§ **The problem**: The lines from the start of the data through the line with "This page presents" are to be returned verbatim; all later lines are to be omitted.

§ **Supplied entries**:
++++
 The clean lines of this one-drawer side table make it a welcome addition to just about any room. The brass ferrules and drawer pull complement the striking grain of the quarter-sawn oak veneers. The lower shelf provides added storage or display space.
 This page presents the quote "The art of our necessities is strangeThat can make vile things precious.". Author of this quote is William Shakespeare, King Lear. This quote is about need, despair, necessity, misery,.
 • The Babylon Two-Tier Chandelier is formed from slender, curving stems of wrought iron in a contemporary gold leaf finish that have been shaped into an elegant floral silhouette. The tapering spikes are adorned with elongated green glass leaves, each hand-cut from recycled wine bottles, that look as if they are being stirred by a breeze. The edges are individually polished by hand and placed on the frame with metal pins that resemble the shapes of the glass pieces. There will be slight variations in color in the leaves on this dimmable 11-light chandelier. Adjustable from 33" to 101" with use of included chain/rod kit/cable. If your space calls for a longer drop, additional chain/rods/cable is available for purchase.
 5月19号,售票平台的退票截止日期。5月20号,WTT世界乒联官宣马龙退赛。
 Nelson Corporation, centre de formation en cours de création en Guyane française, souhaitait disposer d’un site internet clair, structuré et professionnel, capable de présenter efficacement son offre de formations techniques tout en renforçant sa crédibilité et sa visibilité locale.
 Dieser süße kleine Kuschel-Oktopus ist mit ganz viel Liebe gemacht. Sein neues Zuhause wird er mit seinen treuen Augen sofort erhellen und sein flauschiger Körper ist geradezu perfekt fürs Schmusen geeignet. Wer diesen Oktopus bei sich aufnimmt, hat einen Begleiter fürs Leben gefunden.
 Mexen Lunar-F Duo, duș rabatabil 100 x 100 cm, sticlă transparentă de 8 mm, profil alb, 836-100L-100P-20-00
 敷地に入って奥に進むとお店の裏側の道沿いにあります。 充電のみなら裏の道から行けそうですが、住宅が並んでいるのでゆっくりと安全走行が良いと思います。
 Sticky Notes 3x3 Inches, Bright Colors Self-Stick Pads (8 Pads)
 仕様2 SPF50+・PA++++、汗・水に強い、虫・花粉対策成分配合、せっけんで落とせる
++++
§ **Result for this exercise**:
 The clean lines of this one-drawer side table make it a welcome addition to just about any room. The brass ferrules and drawer pull complement the striking grain of the quarter-sawn oak veneers. The lower shelf provides added storage or display space.
 This page presents the quote "The art of our necessities is strangeThat can make vile things precious.". Author of this quote is William Shakespeare, King Lear. This quote is about need, despair, necessity, misery,.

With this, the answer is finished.